Leonarda Zappulla – Critica all’opera “Il guardiano di Venere”

Luca Ripamonti dipinge attuando una ricerca estetica in grado di far dialogare il visibile con l’invisibile, il dato tangibile con la sfera emozionale. Giunge a tale assunto formandosi nel panorama vivace di Santa Maria Maggiore, in quella conosciuta al tempo come “la valle dei pittori”, tra i cavalletti e i pennelli del nonno e lo zio, i libri che ha studiato di Burne Hogarth, i corsi di disegno e di anatomia, le conversazioni e gli scambi di idee con gli artisti locali e soprattutto col suo maestro, Ugo Bernetti Da Vila, che tra gli altri lo ispirerà, nonostante il diploma da geometra, a continuare il suo percorso di vita all’insegna dell’arte.

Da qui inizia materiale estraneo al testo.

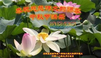 师尊给了我第二次生命,在师父的保护下走到今天,弟子叩拜师尊,谢谢师尊慈悲救度! 河北省石家庄市新华区俩人学法小组大法弟子恭祝师尊中秋节快乐!
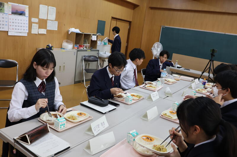 生徒たちは互いの学校の違いに興味を持ち、活発に意見を交わす姿が見られました。笑顔の中にも真剣な表情が印象的で、双方にとって有意義な時間となりました。交流の最後には、全員で給食をともにし、和やかな雰囲気の中で親睦を深めました。

Il suo colto linguaggio denota una distintiva cifra stilistica che assume un valore iconico attraverso la sapiente fusione tra immanenza e trascendenza, una magistrale giustapposizione tra figurazione realistica e ambientazione fittizia.

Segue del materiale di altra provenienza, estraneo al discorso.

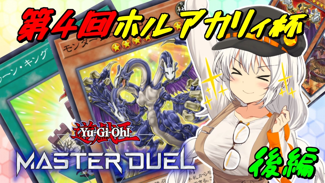 第4回ホルアカリィ杯の続きです<br><span style="color: #ff0000; font-size: 16px;"><strong>※対戦相手の批判等は控えて下さい。</strong></span><br><br>対戦相手<br>一回戦:<a href="https://www.nicovideo.jp/user/31053700" target="_blank" rel="noopener">user/31053700</a>(<a href="https://www.nicovideo.jp/watch/sm41099108" class="watch">sm41099108</a>)<br>二回戦:<a href="https://www.nicovideo.jp/user/1659101" target="_blank" rel="noopener">user/1659101</a> (<a href="https://www.nicovideo.jp/watch/sm41528373" class="watch">sm41528373</a>)<br><br>いつものマスターデュエルシリーズ<br><a href="https://www.nicovideo.jp/mylist/73044143" target="_blank" rel="noopener">mylist/73044143</a><br><br><a target="_blank" href="https://qa.nicovideo.jp/faq/show/19424?site_domain=default" style="font-size: 13px;color: #657586; text-decoration: underline; line-height: 1.4">この動画は投稿者によって修正されました</a>

Le basi del suo universo figurale hanno radici ben solide che affondano nella pratica della copia d’autore e nell’apprendistato in bottega, proprio come avveniva tra gli artisti d’altri tempi. L’innata propensione all’orchestrazione delle tinte cromatiche indagate in molteplici sfaccettature si rivela tanto negli scenari paesaggistici quanto nei drappeggi o nell’incarnato dei soggetti delle sue tele. Con colori densi e un segno morbido l’artista concentra le proprie abilità nell’incantare il fruitore sulle figure che abitano i suoi quadri, mentre lo sfondo resta volontariamente indeterminato, solo accennato, come nell’opera “Nudo”.

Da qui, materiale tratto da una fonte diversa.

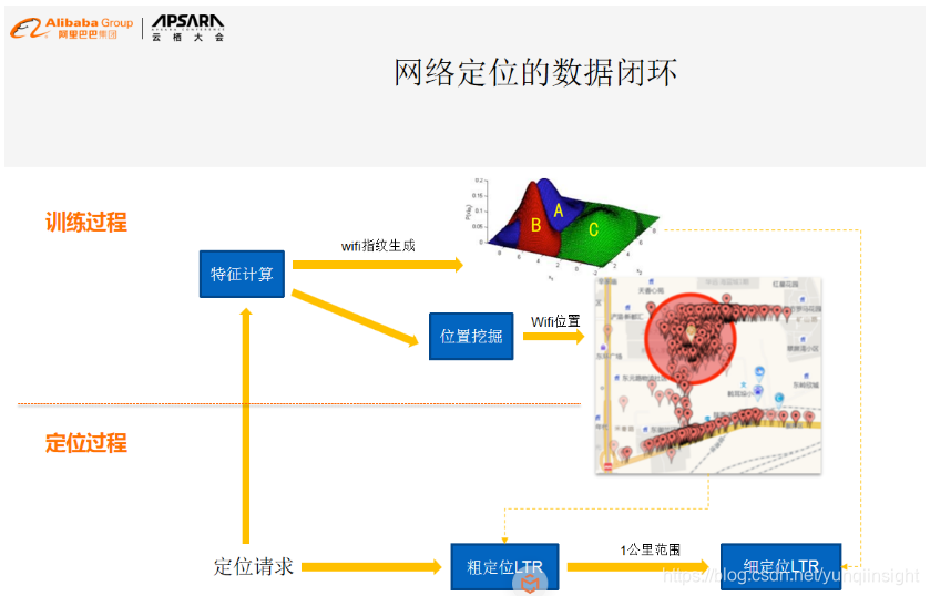 网络定位本质上是一个数据闭环,每个人在定位的时候,实际上是发送了本身的基站和Wifi列表,发送的数据一方面可以用来定位,另一方面也可以用做数据训练。数据训练主要产出两种数据,一个是Wifi基站的位置,通过数据挖掘,我们就可以获得大概的位置(初始定位),但是精度比较差。第二个是产生更详细的空间信号强度分布图。有了这个图以后,就可以进行比较精准的定位了,根据信号强度判断我距离这个基站和Wifi有多远,从而对精度进行改进。

La luce, elemento di spicco della sua dialettica, avvolge i corpi e fa emergere i volumi grazie ad un metodo esecutivo di rara efficacia nel quale il plasticismo è allo stesso tempo vigoroso e vibrante. Con padronanza della tecnica e segno preciso e pulito, Luca Ripamonti lascia che la propria ispirazione si manifesti nell’opera “Il guardiano di Venere”, in cui il grande equilibrio tra oscurità e chiarore, dato dal raggio brillante che irradia la pelle rosea della protagonista facendola affiorare dal fondo scuro, mette in scena uno splendido brano di sublimazione del corpo in un’impalpabile atmosfera onirica.

Le sue donne, immortalate in pose statuarie e così peculiarmente illuminate, rievocano gli effetti ricercati da Tamara de Lempicka nelle sue volumetriche e geometrizzate protagoniste.